I pinched her cheek to keep her awake and she slapped my hand away, but no other part of her moved. She was turned to moor stone.
‘I want to write to Mathilda,’ I said. ‘Or to Mrs Yeo, at least, to see how Mathilda is. If she’s ready to join us.’
‘But we might not be here too much longer,’ Anna said. ‘Better to save Mathilda the journey.’
‘You mean we might be closer to the truth? Did you learn something tonight?’
‘I learnt the parson’s port is as fine as his tobacco.’ She laughed, her eyes still closed. ‘He is a strange creature. His wife too. They were sorry to hear you were indisposed.’
‘Because you made me so, Anna! I don’t want any more from that green bottle.’
‘It was for your own good.’ She put her hand on my thigh, and though my heart was glad I couldn’t keep from thinking of Mathilda. Of myself on the meat hook. I didn’t want to tell Anna of my dream. I couldn’t bring myself to put it into words, so I sought something else to say instead.
‘Does Mrs Hawker know of our discovery yet? Has the captain told her that the dead man is her brother?’
‘Not yet. He must be planning to tell her in the morning. Mrs Hawker might as well have one more peaceful night. Heaven knows, tomorrow will come soon enough for sadness. It gave me a chance to ask some further questions.’

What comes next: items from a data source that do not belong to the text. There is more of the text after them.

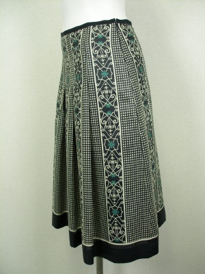 オリジナルプリントが他にはない魅力です。腰周りは縫い止めで広がりを抑えたデザインです。裏地付き。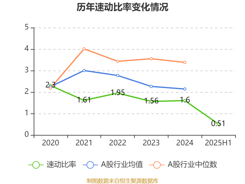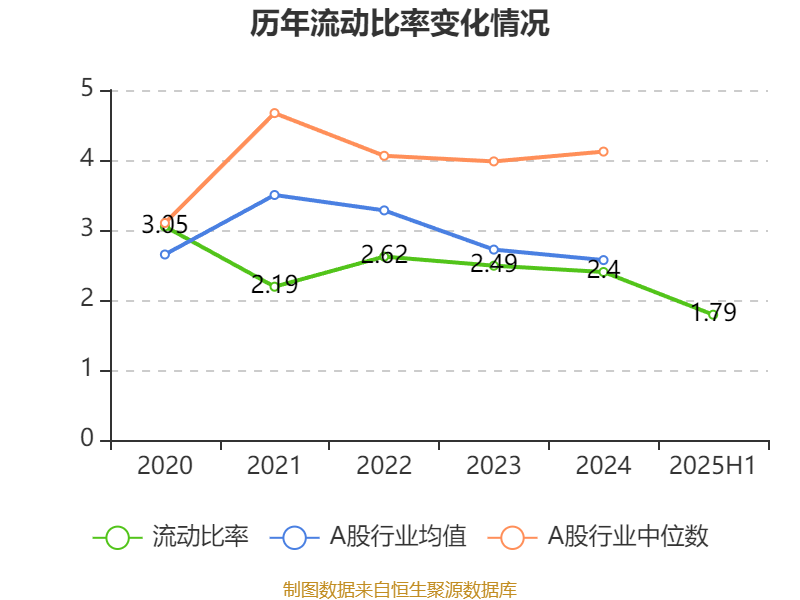 2025年上半年,公司流动比率为1.79,速动比率为0.51。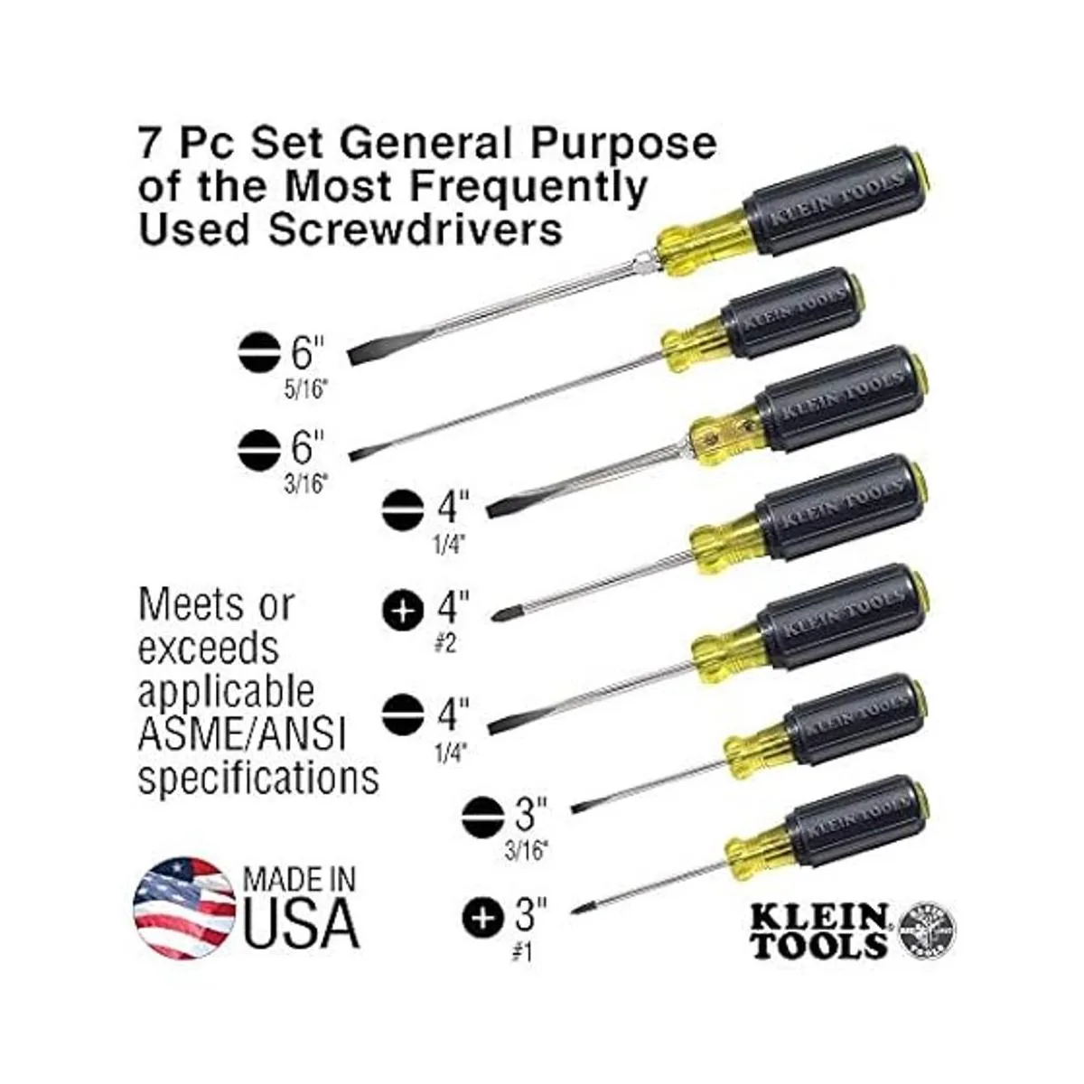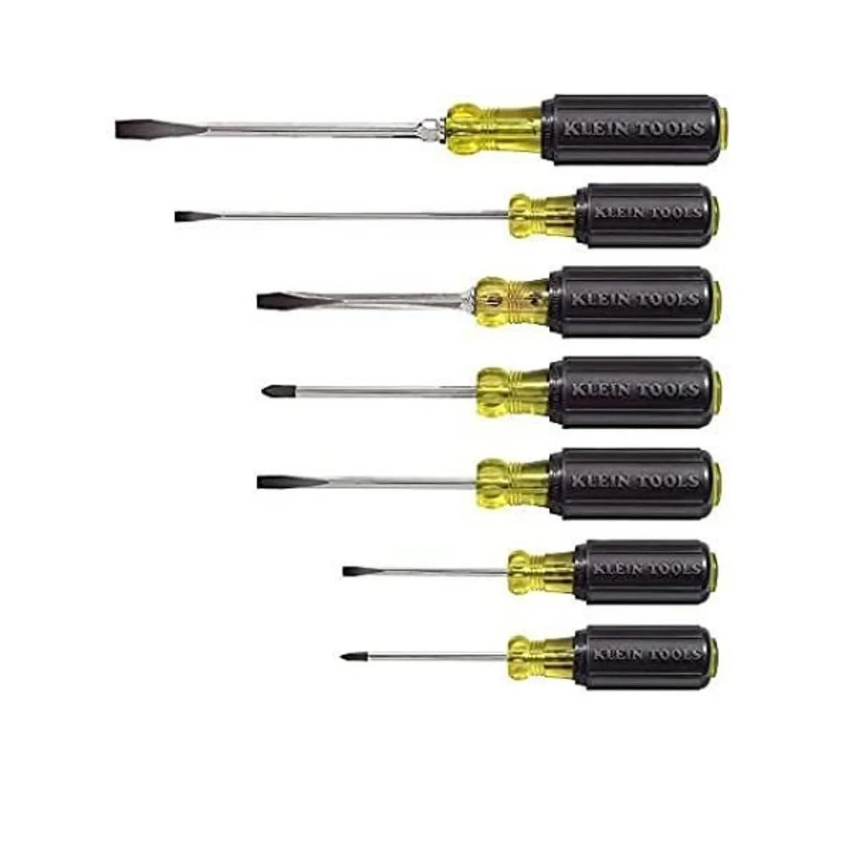 Klein Tools 85076 Juego de destornilladores, ranurados y Phillips con asas antideslizantes de agarre y punta de punta de agarre, 7 piezas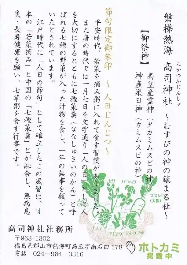 七草・節句限定御朱印「人日じんじつ」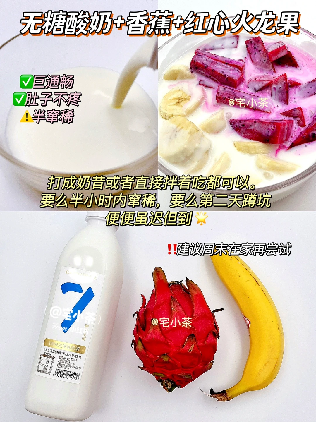 🔸红心火龙果+香蕉+无蔗糖酸奶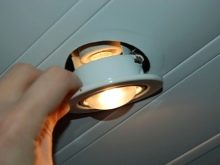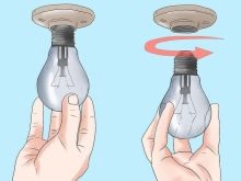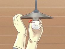 Преди да смените този тип лампи, първо, ако е необходимо, свалете капака или рамката. След това, като държа патрона, развивам крушката обратно на часовниковата стрелка.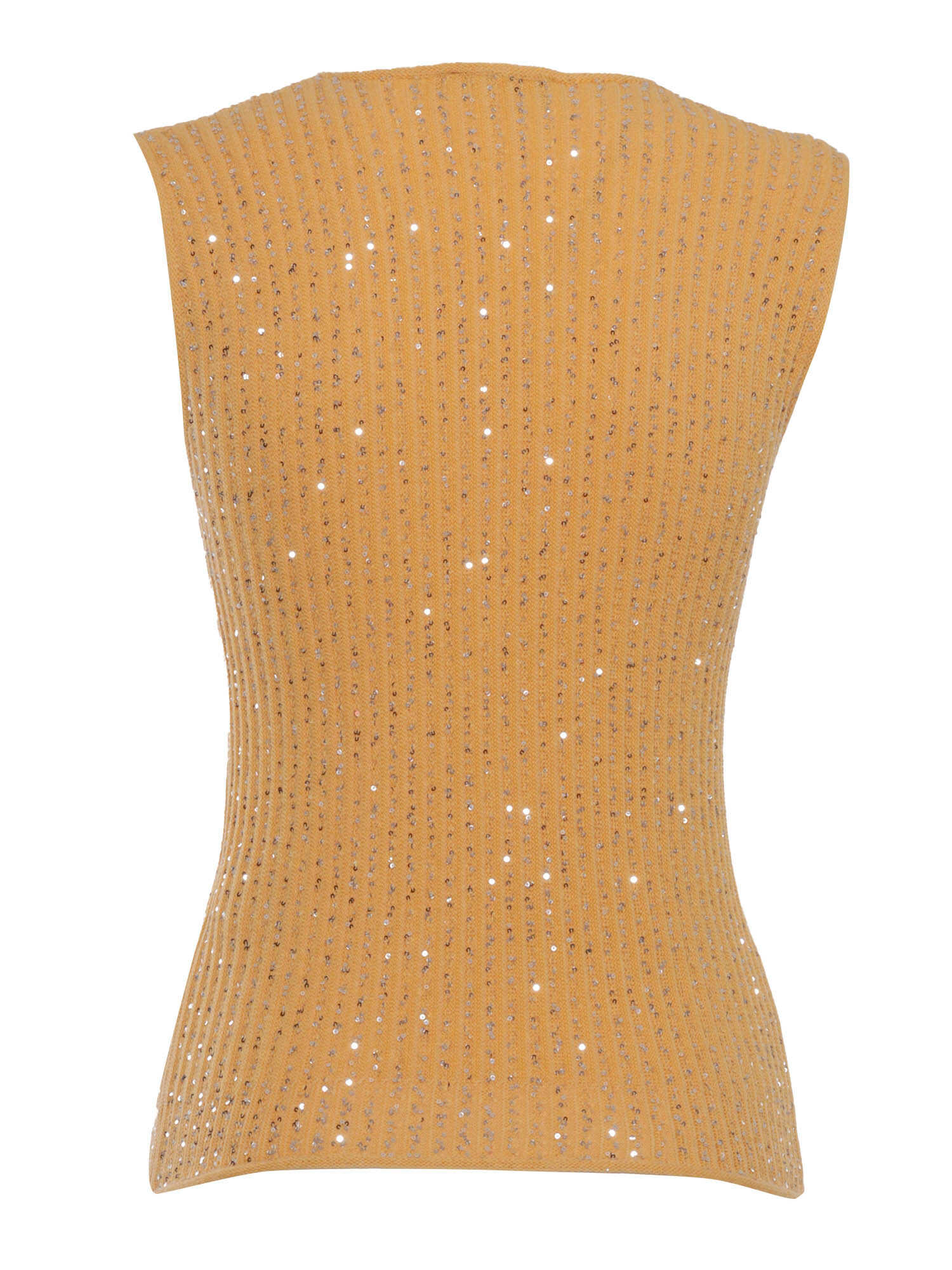 Sleeveless top, ribbed cotton yarn with all over sequin thread, crew neck.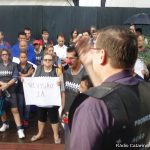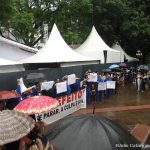 Apesar da chuva, um grupo de servidores da Prefeitura Municipal de Joaçaba esteve presente na praça Adolfo Konder, conforme o anunciado pela direção do Sindicato da classe, para protestar contra a administração, em especial o prefeito Rafael Laske (Mamão), que não sentou com a categoria para resolver o impasse do reajuste salarial.

‘Oh! And what did you find out?’
She yawned. ‘That the Ians childhood was a happy one, until Joseph’s schemes with the copper and the crocuses got out of hand. Apparently, Mrs Hawker and Joseph used to go down to the beach where we were today, to swim. They weren’t supposed to – their mother had forbidden it on account of the current. They never invited Frederick. Mrs Seldon’s daughter – what’s her name?’
‘Nancy.’
‘Nancy, yes. Well, Nancy was invited to these secret swims, for she was very thick with the younger Ianses. Is that a word? Anyway, this carried on right up to the point Joseph left Morwenstow, and now Nancy is their servant.’
‘Did you make Mrs Hawker cry,’ I said, ‘asking her about her brother?’
Anna let out a belch and I moved to be free of the smell.
‘I did, but I told her my asking was to learn more about Joseph, which would help stop Frederick’s delusions, as she believes them to be, and that seemed to give her courage. It stopped the parson roaring at me too. He was most genial once Mrs Hawker had left us to the port. Such fine port …’
‘And what did he tell you? Anna – are you listening?’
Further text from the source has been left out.